After deciding that the Shanks patents was of “outstanding benefit” to Unilever, next the Supreme Court tackled what constitutes a “fair share” of the benefit for compensation.

At first instance, the hearing officer concluded that a “fair share” of the benefit would have been 5%, amounting to £1.2m and did not take into account the time value of money.

When Professor Shanks appealed to the High Court, Mr Justice Arnold found that, if a fair share was awarded, it would have been 3%. Mr Justice Arnold also did not take into account the time value of money and asserted that the amount should be discounted to reflect payment of corporation tax by Unilever on the benefit of the patents.

The Supreme Court decided that Mr Justice Arnold was wrong to find that 3% represented a fair share of the benefit. The justification made by Mr Justice Arnold in coming to the figure of 3% was that an important factor in Unilever’s ability to extract licence fees was the fact that it could afford to bring proceedings for patent infringement against potential infringers and pursue such proceedings to conclusion. However, Unilever had no manufacturing business it needed to protect and, with one exception, the discussions were initiated by prospective licensees. Accordingly, the Supreme Court decided that 5% represented a fair share.

Professor Shanks requested a value greater than 5%, however the Supreme Court was not persuaded. It was considered that although the patent did generate a new stream of income for Unilever and at no real risk to itself, it did so without the input of Professor Shanks. For example, the licensing agreements from which Unilever attained benefit were negotiated without the input of Professor Shanks.

Tax and the assessment of benefit

The Supreme Court decided against the previous decision that the benefit should be reduced due to corporation tax. This is because the employee must account for any tax due on that share and the employer must account for any tax due on that balance. Both parties are accountable for taxation and to reduce the benefit for the employee because the employer is required to pay tax would be unfair.

This means that future awards to employees should not be reduced due to the employer’s tax position.

The time value of money

Previously, when considering compensation for the employee, the time value of money was not taken into account.
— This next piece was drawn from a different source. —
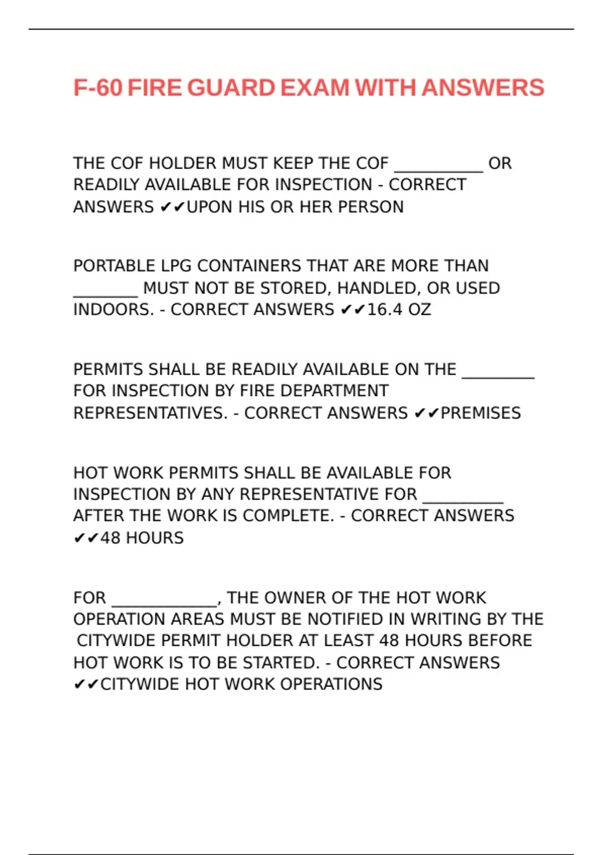 F-60 FIRE GUARD EXAM WITH ANSWERS

Unilever submitted that taking into account the time value of money would introduce disproportionate complexity and would actively reward an inventor who delays bringing a claim.

However, the Supreme Court decided that it is reasonable and fair to uplift the fair share of the benefit to reflect the impact of time on the value of money. The Supreme Court decided that although it is true that the Comptroller has no power to award interest, there is nothing to prevent the Comptroller from having regard to the impact of inflation in assessing the benefit or what amounts to a fair share of it.

To take into consideration the time value of money, the method used was to take the median year in which Unilever received the benefit (1999), and then take into account the effect of inflation using the Bank of England calculator.

The entitled benefit awarded to Professor Shanks is 5% of £24m, which is adjusted by an average 2.8% inflation, resulting in £2m.

Conclusion

The Supreme Court has set a new precedent for future disputes relating to employee compensation. The hurdle of “outstanding benefit” is still difficult to overcome, but no longer should companies be considered “too big to pay”, and they cannot expect to avoid compensating their employee inventors due to their size.

Additionally, any compensation will not be reduced due to the employer’s tax position and will be adjusted to take into account the time value of money, which can make a significant impact on the awarded amount. In the case of Professor Shanks, due to the significant time it took to be awarded compensation, the amount of compensation was increased by ~60%.